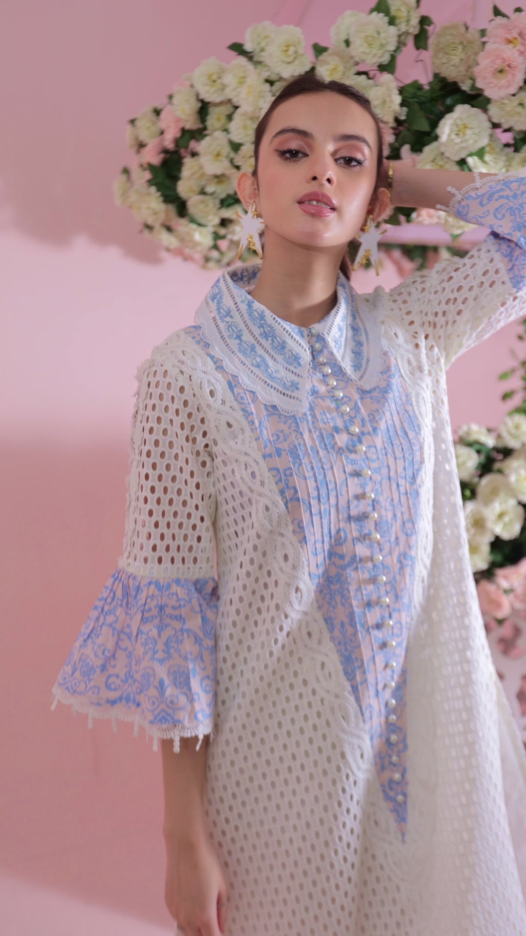 Blue fever-Let’s add that oomph to your wardrobe indulge into style with our intricately embroidered collared long shirt with print and Shiffli and an overload of laces…
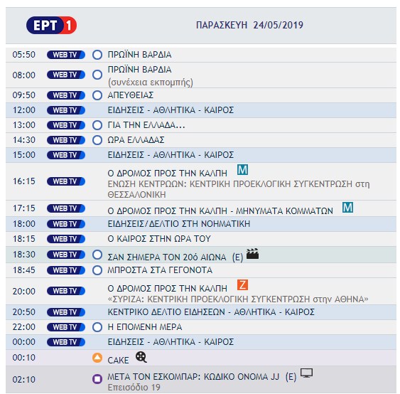 Μια ματια στο προγραμμα της ΕΡΤ1
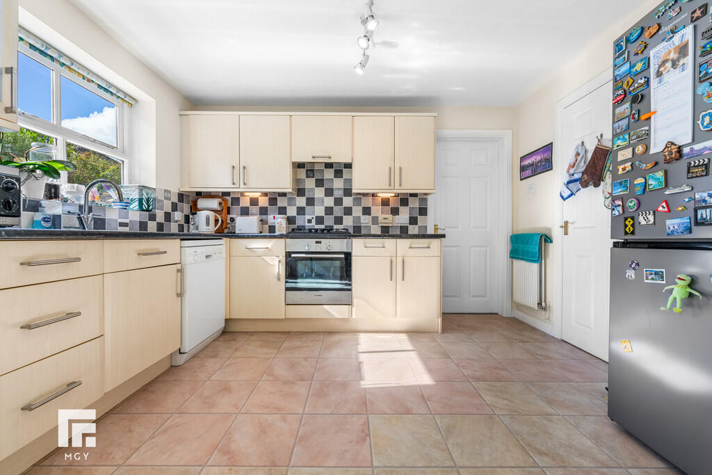 KITCHEN16' 5" x 9' 0" (5.01m x 2.76m) Appointed along two walls, a light wood effect kitchen with eye and low level cupboards. One and a half bowl stainless steel sink with drainer and chrome mixed tap, integrated four ring gas hob and oven, extractor hood, space for fridge freezer, space for dish washer. An additional free standing kitchen unit. Space for dining room table. Laminate worktops. Tiled flooring and tiled splashbacks. Two radiators. Doubled glazed window. uPVC French doors opening into the well maintained, large rear garden. Door to utility room.
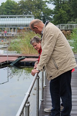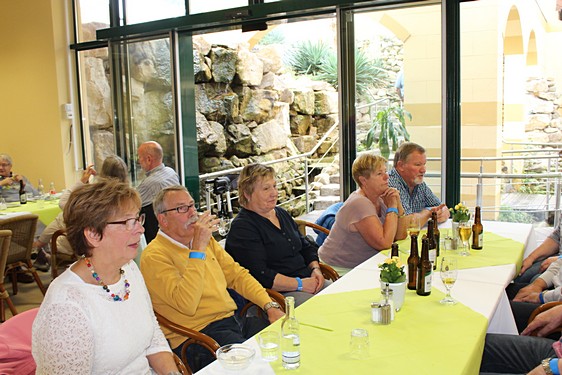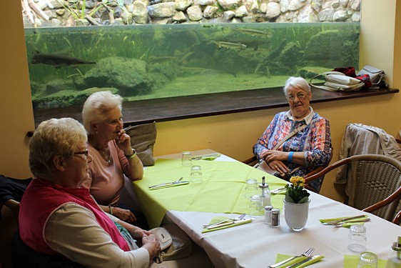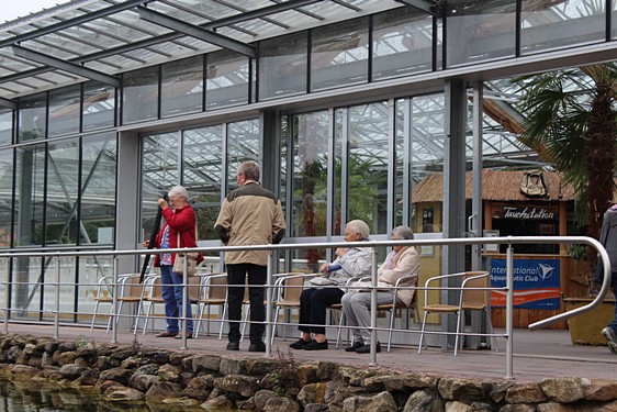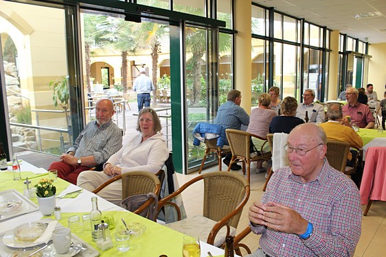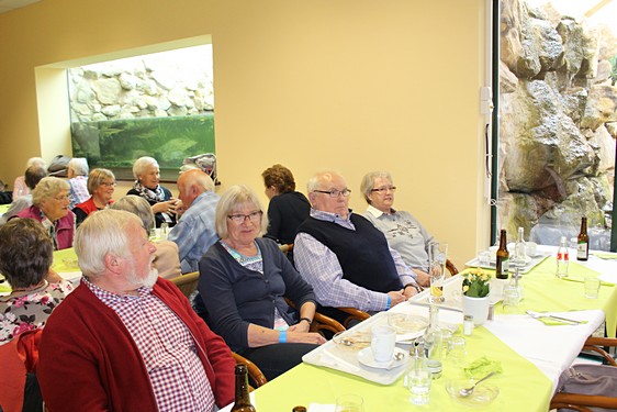 Im Palmenhaus wurde zum Mittag ein leckeres, abwechslungsreiches Büfett angeboten, auf dem jeder nach seinem Geschmack etwas fand. Nach anfänglich trübem Wetter bot sich am Nachmittag die Gelegenheit einfach nur die Sonne, die Luft und die Blumen zu genießen. Wer noch laufen wollte, umrundete die Tauchanlage und blieb auf der Seekanzel stehen um den Blick über einen weiteren naturbelassenen Teich schweifen zu lassen. Dort konnten verschiedene Vögel beobachtet werden.
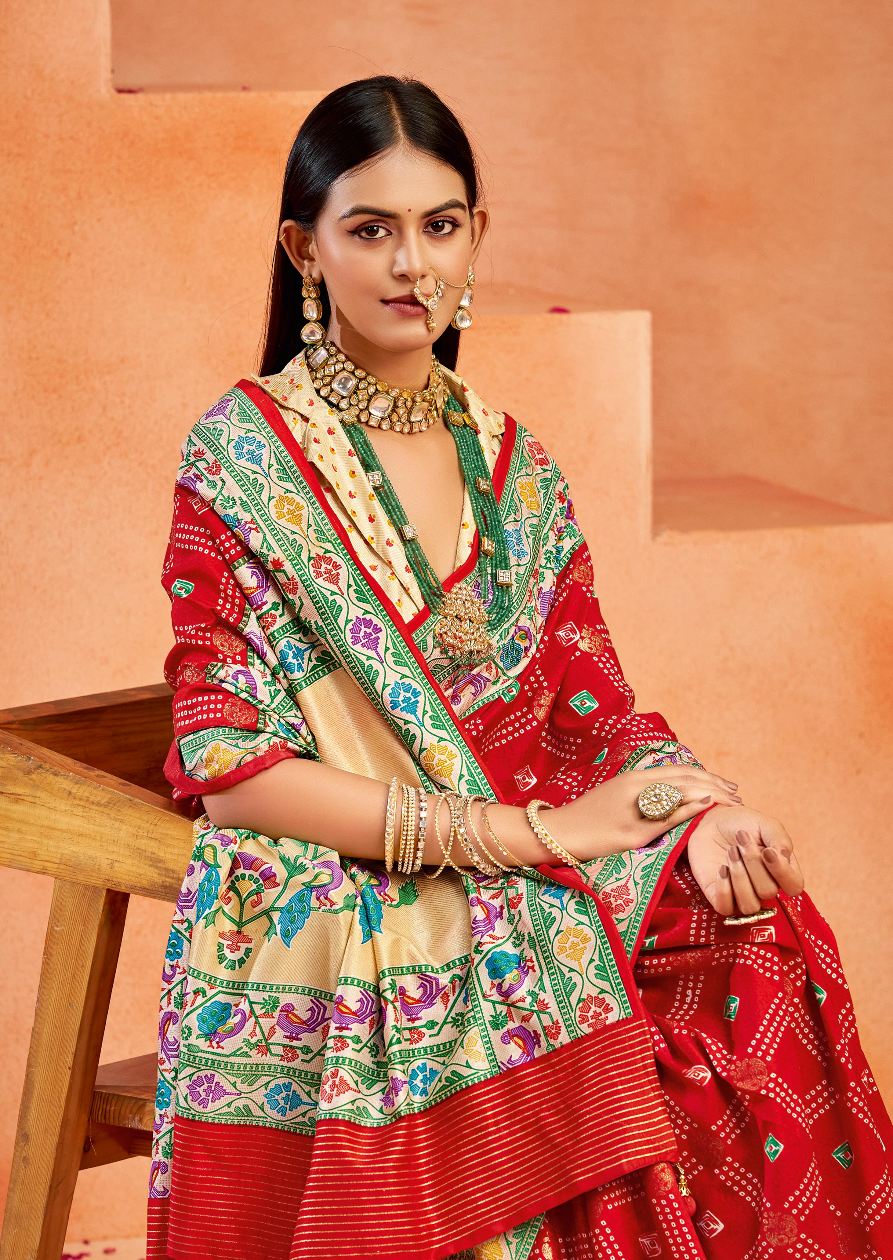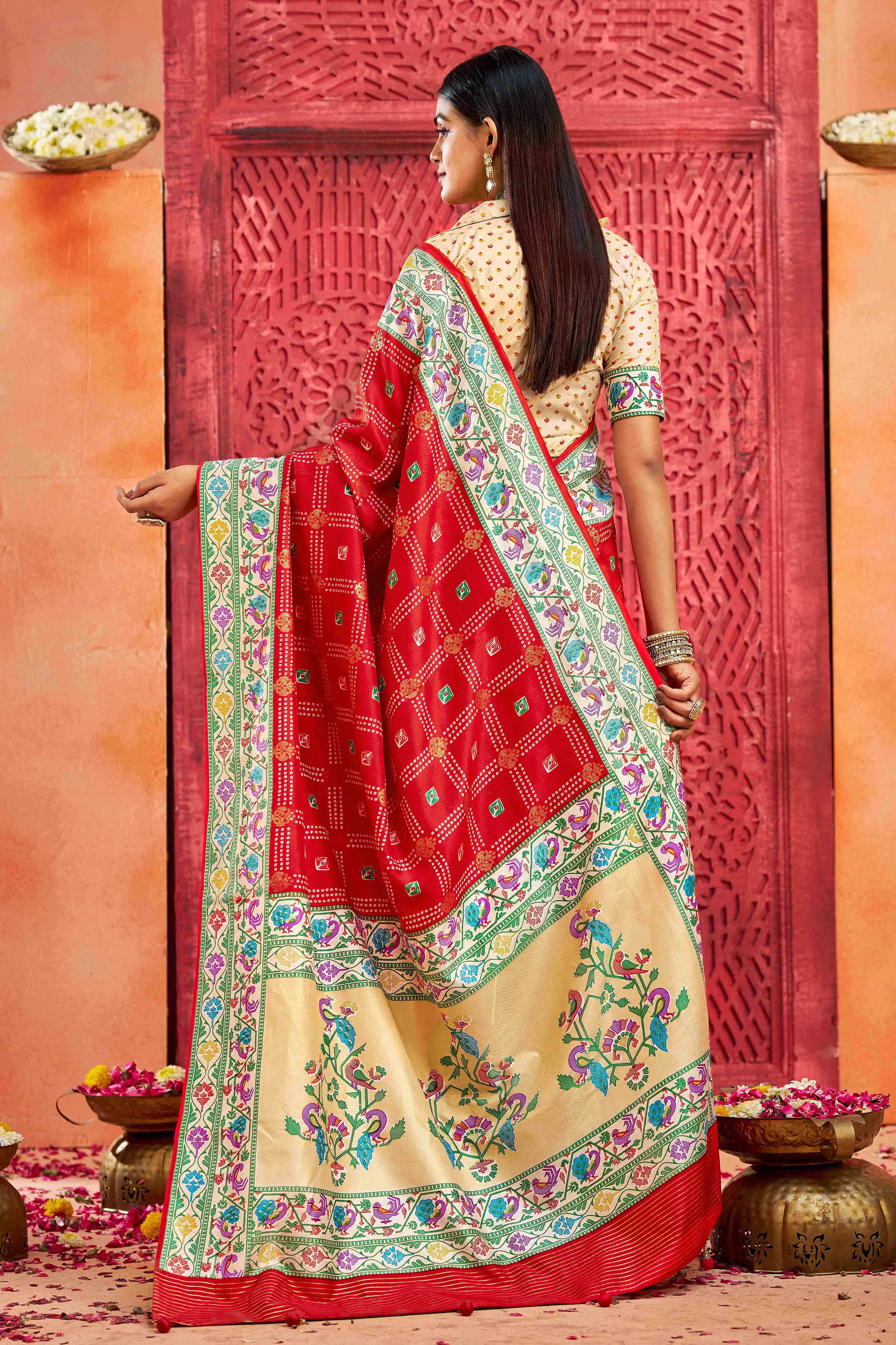 Red Color Velvet Tussar Silk Fabric Partywear Saree With Paithani Pallu And Traditional Ghatchola Print

▬▬▬▬▬▬

What this task involves
Although the records contain pictures, print only the rest, exactly as written.

Result
 Blue fever-Let’s add that oomph to your wardrobe indulge into style with our intricately embroidered collared long shirt with print and Shiffli and an overload of laces…
 Μια ματια στο προγραμμα της ΕΡΤ1
 KITCHEN16' 5" x 9' 0" (5.01m x 2.76m) Appointed along two walls, a light wood effect kitchen with eye and low level cupboards. One and a half bowl stainless steel sink with drainer and chrome mixed tap, integrated four ring gas hob and oven, extractor hood, space for fridge freezer, space for dish washer. An additional free standing kitchen unit. Space for dining room table. Laminate worktops. Tiled flooring and tiled splashbacks. Two radiators. Doubled glazed window. uPVC French doors opening into the well maintained, large rear garden. Door to utility room.
 Im Palmenhaus wurde zum Mittag ein leckeres, abwechslungsreiches Büfett angeboten, auf dem jeder nach seinem Geschmack etwas fand. Nach anfänglich trübem Wetter bot sich am Nachmittag die Gelegenheit einfach nur die Sonne, die Luft und die Blumen zu genießen. Wer noch laufen wollte, umrundete die Tauchanlage und blieb auf der Seekanzel stehen um den Blick über einen weiteren naturbelassenen Teich schweifen zu lassen. Dort konnten verschiedene Vögel beobachtet werden.
 Red Color Velvet Tussar Silk Fabric Partywear Saree With Paithani Pallu And Traditional Ghatchola Print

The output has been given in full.